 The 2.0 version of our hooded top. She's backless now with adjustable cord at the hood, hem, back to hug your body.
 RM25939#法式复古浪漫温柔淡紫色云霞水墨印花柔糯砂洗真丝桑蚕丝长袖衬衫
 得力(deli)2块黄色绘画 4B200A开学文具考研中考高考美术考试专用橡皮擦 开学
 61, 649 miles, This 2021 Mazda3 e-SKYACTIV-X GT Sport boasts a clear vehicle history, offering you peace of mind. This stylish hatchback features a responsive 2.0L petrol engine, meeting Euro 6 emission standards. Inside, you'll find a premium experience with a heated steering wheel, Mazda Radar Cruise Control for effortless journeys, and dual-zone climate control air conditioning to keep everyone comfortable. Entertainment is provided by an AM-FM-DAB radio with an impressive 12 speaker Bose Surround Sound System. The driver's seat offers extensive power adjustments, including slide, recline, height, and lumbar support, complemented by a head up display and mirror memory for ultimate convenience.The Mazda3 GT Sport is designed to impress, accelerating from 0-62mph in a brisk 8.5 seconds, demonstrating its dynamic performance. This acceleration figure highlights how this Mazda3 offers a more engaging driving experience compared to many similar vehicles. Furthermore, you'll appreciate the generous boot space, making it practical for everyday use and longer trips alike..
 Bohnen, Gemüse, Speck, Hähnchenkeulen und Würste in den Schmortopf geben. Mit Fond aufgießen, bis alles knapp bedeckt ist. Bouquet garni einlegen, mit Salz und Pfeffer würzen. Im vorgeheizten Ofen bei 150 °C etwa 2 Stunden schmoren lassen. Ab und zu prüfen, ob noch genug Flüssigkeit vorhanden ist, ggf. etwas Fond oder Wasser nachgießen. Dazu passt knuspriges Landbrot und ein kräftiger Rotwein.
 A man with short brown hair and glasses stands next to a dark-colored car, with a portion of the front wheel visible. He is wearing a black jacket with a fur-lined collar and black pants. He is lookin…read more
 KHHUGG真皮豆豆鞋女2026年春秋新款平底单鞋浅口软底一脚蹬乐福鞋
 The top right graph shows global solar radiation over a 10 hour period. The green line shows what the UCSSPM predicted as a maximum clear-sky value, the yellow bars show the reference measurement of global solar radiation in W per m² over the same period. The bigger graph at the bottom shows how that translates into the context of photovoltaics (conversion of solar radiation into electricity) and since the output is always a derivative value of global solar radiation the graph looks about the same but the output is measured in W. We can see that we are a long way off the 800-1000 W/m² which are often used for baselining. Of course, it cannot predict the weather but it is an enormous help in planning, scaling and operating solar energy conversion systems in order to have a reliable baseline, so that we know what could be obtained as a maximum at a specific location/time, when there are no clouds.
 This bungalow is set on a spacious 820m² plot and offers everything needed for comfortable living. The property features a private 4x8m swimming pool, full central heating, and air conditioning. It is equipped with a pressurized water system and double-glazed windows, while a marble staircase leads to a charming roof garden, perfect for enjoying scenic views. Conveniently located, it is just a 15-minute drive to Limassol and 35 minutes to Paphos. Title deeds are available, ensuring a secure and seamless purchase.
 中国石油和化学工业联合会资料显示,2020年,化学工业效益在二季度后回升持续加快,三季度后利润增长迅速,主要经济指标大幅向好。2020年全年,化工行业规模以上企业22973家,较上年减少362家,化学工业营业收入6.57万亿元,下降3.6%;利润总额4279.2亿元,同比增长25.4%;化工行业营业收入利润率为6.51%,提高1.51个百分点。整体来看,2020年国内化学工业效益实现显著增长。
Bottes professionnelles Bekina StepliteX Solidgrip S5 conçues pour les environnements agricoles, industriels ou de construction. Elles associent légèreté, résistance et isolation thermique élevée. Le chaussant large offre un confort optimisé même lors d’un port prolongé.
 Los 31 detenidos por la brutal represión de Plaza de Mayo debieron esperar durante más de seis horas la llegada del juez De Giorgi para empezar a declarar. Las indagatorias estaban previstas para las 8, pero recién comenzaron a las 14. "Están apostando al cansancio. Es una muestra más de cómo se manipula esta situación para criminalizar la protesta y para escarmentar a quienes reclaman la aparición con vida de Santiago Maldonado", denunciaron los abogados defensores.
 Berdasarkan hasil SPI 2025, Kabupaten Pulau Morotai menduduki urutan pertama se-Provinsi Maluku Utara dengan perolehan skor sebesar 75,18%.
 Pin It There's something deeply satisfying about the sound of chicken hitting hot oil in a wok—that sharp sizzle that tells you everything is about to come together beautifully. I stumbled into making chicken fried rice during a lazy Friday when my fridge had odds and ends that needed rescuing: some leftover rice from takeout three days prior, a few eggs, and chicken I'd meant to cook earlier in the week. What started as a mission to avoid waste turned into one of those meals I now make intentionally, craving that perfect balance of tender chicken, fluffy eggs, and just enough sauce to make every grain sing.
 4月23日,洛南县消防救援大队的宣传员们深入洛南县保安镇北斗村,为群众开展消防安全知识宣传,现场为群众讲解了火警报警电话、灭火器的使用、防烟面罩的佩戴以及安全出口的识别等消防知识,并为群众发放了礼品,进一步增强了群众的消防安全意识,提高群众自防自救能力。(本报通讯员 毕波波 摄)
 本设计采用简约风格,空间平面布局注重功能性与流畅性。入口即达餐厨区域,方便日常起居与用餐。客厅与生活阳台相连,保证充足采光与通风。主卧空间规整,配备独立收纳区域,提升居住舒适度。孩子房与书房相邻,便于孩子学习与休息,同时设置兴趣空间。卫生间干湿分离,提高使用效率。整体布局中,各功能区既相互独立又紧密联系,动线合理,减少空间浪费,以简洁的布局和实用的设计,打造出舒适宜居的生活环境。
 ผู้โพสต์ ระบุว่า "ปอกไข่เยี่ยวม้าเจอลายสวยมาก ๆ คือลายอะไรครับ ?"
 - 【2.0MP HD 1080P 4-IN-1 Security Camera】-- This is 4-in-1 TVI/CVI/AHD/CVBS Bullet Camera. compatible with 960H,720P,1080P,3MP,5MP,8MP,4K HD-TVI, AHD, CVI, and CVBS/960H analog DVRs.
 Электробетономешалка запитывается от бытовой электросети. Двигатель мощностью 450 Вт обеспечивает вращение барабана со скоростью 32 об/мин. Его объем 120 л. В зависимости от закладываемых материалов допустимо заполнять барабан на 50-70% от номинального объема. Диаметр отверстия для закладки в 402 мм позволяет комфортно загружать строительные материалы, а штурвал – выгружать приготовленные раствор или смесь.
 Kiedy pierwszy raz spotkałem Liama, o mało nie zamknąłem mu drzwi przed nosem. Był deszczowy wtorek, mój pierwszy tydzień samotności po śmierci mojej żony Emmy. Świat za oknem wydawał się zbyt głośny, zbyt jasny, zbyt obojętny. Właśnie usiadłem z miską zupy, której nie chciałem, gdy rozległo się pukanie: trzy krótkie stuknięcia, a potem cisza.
◇ ◇ ◇
• What to do
Transcribe every record exactly, keeping each line as it is.

• Expected output
 The 2.0 version of our hooded top. She's backless now with adjustable cord at the hood, hem, back to hug your body.
 RM25939#法式复古浪漫温柔淡紫色云霞水墨印花柔糯砂洗真丝桑蚕丝长袖衬衫
 得力(deli)2块黄色绘画 4B200A开学文具考研中考高考美术考试专用橡皮擦 开学
 61, 649 miles, This 2021 Mazda3 e-SKYACTIV-X GT Sport boasts a clear vehicle history, offering you peace of mind. This stylish hatchback features a responsive 2.0L petrol engine, meeting Euro 6 emission standards. Inside, you'll find a premium experience with a heated steering wheel, Mazda Radar Cruise Control for effortless journeys, and dual-zone climate control air conditioning to keep everyone comfortable. Entertainment is provided by an AM-FM-DAB radio with an impressive 12 speaker Bose Surround Sound System. The driver's seat offers extensive power adjustments, including slide, recline, height, and lumbar support, complemented by a head up display and mirror memory for ultimate convenience.The Mazda3 GT Sport is designed to impress, accelerating from 0-62mph in a brisk 8.5 seconds, demonstrating its dynamic performance. This acceleration figure highlights how this Mazda3 offers a more engaging driving experience compared to many similar vehicles. Furthermore, you'll appreciate the generous boot space, making it practical for everyday use and longer trips alike..
 Bohnen, Gemüse, Speck, Hähnchenkeulen und Würste in den Schmortopf geben. Mit Fond aufgießen, bis alles knapp bedeckt ist. Bouquet garni einlegen, mit Salz und Pfeffer würzen. Im vorgeheizten Ofen bei 150 °C etwa 2 Stunden schmoren lassen. Ab und zu prüfen, ob noch genug Flüssigkeit vorhanden ist, ggf. etwas Fond oder Wasser nachgießen. Dazu passt knuspriges Landbrot und ein kräftiger Rotwein.
 A man with short brown hair and glasses stands next to a dark-colored car, with a portion of the front wheel visible. He is wearing a black jacket with a fur-lined collar and black pants. He is lookin…read more
 KHHUGG真皮豆豆鞋女2026年春秋新款平底单鞋浅口软底一脚蹬乐福鞋
 The top right graph shows global solar radiation over a 10 hour period. The green line shows what the UCSSPM predicted as a maximum clear-sky value, the yellow bars show the reference measurement of global solar radiation in W per m² over the same period. The bigger graph at the bottom shows how that translates into the context of photovoltaics (conversion of solar radiation into electricity) and since the output is always a derivative value of global solar radiation the graph looks about the same but the output is measured in W. We can see that we are a long way off the 800-1000 W/m² which are often used for baselining. Of course, it cannot predict the weather but it is an enormous help in planning, scaling and operating solar energy conversion systems in order to have a reliable baseline, so that we know what could be obtained as a maximum at a specific location/time, when there are no clouds.
 This bungalow is set on a spacious 820m² plot and offers everything needed for comfortable living. The property features a private 4x8m swimming pool, full central heating, and air conditioning. It is equipped with a pressurized water system and double-glazed windows, while a marble staircase leads to a charming roof garden, perfect for enjoying scenic views. Conveniently located, it is just a 15-minute drive to Limassol and 35 minutes to Paphos. Title deeds are available, ensuring a secure and seamless purchase.
 中国石油和化学工业联合会资料显示,2020年,化学工业效益在二季度后回升持续加快,三季度后利润增长迅速,主要经济指标大幅向好。2020年全年,化工行业规模以上企业22973家,较上年减少362家,化学工业营业收入6.57万亿元,下降3.6%;利润总额4279.2亿元,同比增长25.4%;化工行业营业收入利润率为6.51%,提高1.51个百分点。整体来看,2020年国内化学工业效益实现显著增长。
Bottes professionnelles Bekina StepliteX Solidgrip S5 conçues pour les environnements agricoles, industriels ou de construction. Elles associent légèreté, résistance et isolation thermique élevée. Le chaussant large offre un confort optimisé même lors d’un port prolongé.
 Los 31 detenidos por la brutal represión de Plaza de Mayo debieron esperar durante más de seis horas la llegada del juez De Giorgi para empezar a declarar. Las indagatorias estaban previstas para las 8, pero recién comenzaron a las 14. "Están apostando al cansancio. Es una muestra más de cómo se manipula esta situación para criminalizar la protesta y para escarmentar a quienes reclaman la aparición con vida de Santiago Maldonado", denunciaron los abogados defensores.
 Berdasarkan hasil SPI 2025, Kabupaten Pulau Morotai menduduki urutan pertama se-Provinsi Maluku Utara dengan perolehan skor sebesar 75,18%.
 Pin It There's something deeply satisfying about the sound of chicken hitting hot oil in a wok—that sharp sizzle that tells you everything is about to come together beautifully. I stumbled into making chicken fried rice during a lazy Friday when my fridge had odds and ends that needed rescuing: some leftover rice from takeout three days prior, a few eggs, and chicken I'd meant to cook earlier in the week. What started as a mission to avoid waste turned into one of those meals I now make intentionally, craving that perfect balance of tender chicken, fluffy eggs, and just enough sauce to make every grain sing.
 4月23日,洛南县消防救援大队的宣传员们深入洛南县保安镇北斗村,为群众开展消防安全知识宣传,现场为群众讲解了火警报警电话、灭火器的使用、防烟面罩的佩戴以及安全出口的识别等消防知识,并为群众发放了礼品,进一步增强了群众的消防安全意识,提高群众自防自救能力。(本报通讯员 毕波波 摄)
 本设计采用简约风格,空间平面布局注重功能性与流畅性。入口即达餐厨区域,方便日常起居与用餐。客厅与生活阳台相连,保证充足采光与通风。主卧空间规整,配备独立收纳区域,提升居住舒适度。孩子房与书房相邻,便于孩子学习与休息,同时设置兴趣空间。卫生间干湿分离,提高使用效率。整体布局中,各功能区既相互独立又紧密联系,动线合理,减少空间浪费,以简洁的布局和实用的设计,打造出舒适宜居的生活环境。
 ผู้โพสต์ ระบุว่า "ปอกไข่เยี่ยวม้าเจอลายสวยมาก ๆ คือลายอะไรครับ ?"
 - 【2.0MP HD 1080P 4-IN-1 Security Camera】-- This is 4-in-1 TVI/CVI/AHD/CVBS Bullet Camera. compatible with 960H,720P,1080P,3MP,5MP,8MP,4K HD-TVI, AHD, CVI, and CVBS/960H analog DVRs.
 Электробетономешалка запитывается от бытовой электросети. Двигатель мощностью 450 Вт обеспечивает вращение барабана со скоростью 32 об/мин. Его объем 120 л. В зависимости от закладываемых материалов допустимо заполнять барабан на 50-70% от номинального объема. Диаметр отверстия для закладки в 402 мм позволяет комфортно загружать строительные материалы, а штурвал – выгружать приготовленные раствор или смесь.
 Kiedy pierwszy raz spotkałem Liama, o mało nie zamknąłem mu drzwi przed nosem. Był deszczowy wtorek, mój pierwszy tydzień samotności po śmierci mojej żony Emmy. Świat za oknem wydawał się zbyt głośny, zbyt jasny, zbyt obojętny. Właśnie usiadłem z miską zupy, której nie chciałem, gdy rozległo się pukanie: trzy krótkie stuknięcia, a potem cisza.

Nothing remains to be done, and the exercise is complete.